┌─ EXTRACTED DATA
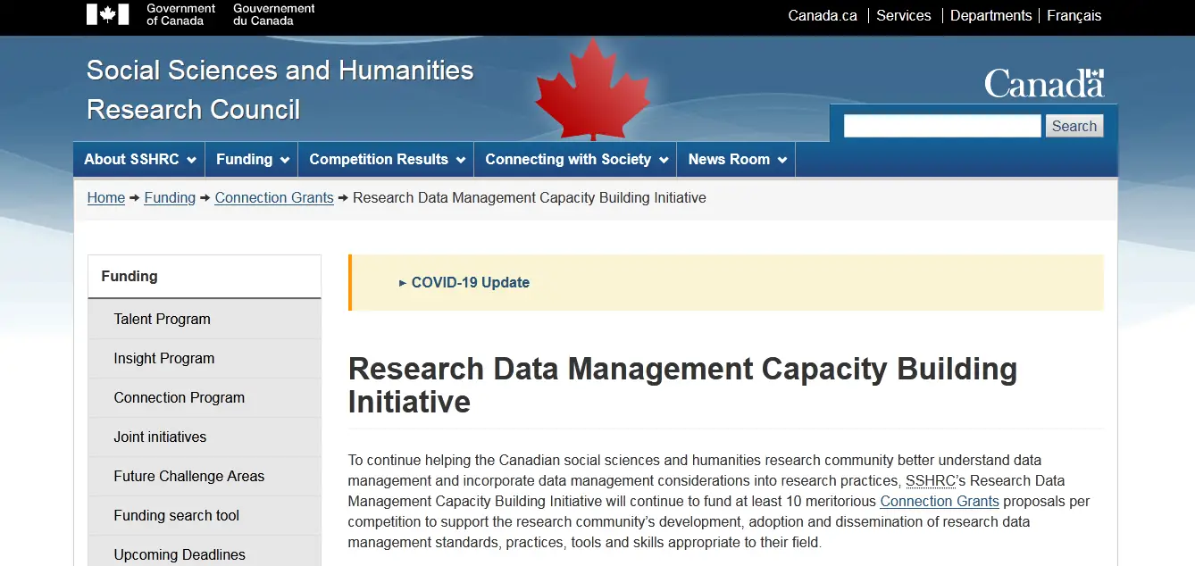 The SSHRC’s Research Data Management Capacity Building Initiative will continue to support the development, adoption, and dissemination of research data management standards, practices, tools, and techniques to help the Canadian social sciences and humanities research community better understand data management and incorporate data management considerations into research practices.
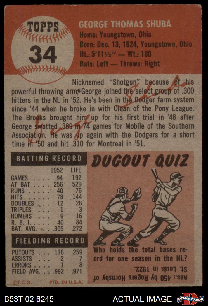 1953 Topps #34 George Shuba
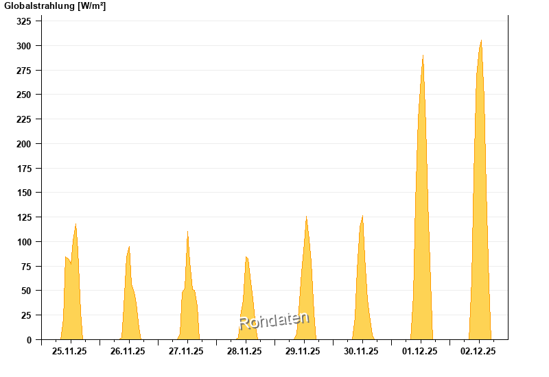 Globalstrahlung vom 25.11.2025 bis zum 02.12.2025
└─
┌─ EXTRACTED DATA
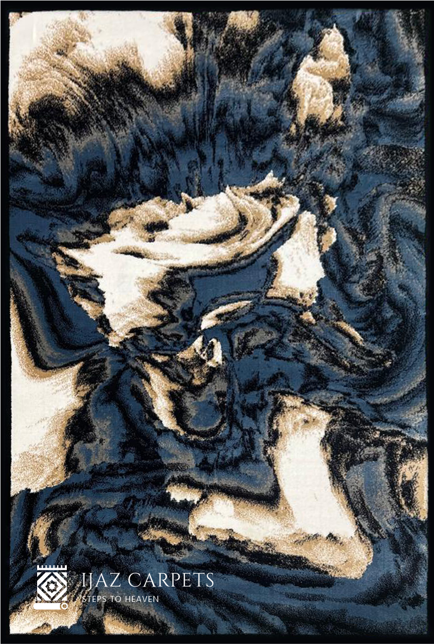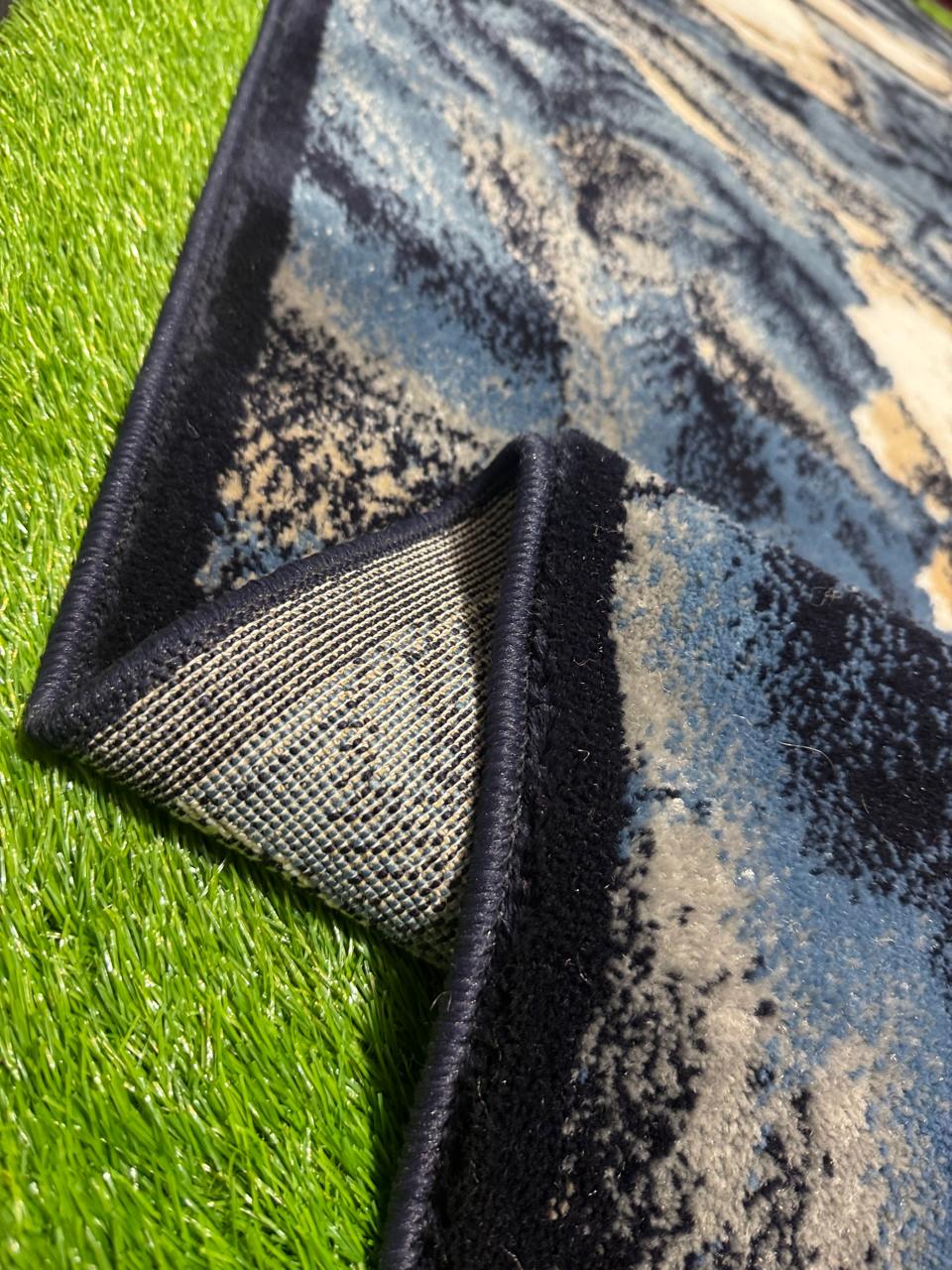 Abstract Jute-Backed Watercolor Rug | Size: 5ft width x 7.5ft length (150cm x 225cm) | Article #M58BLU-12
└─
> **YOUR INSTRUCTIONS**
An exact copy is needed. It runs from the line above containing "The SSHRC’s Research" down to the line containing "Globalstrahlung vom 25.11.2025", both included, with no pictures.

> **PROBLEM SOLUTION**
 The SSHRC’s Research Data Management Capacity Building Initiative will continue to support the development, adoption, and dissemination of research data management standards, practices, tools, and techniques to help the Canadian social sciences and humanities research community better understand data management and incorporate data management considerations into research practices.
 1953 Topps #34 George Shuba
 Globalstrahlung vom 25.11.2025 bis zum 02.12.2025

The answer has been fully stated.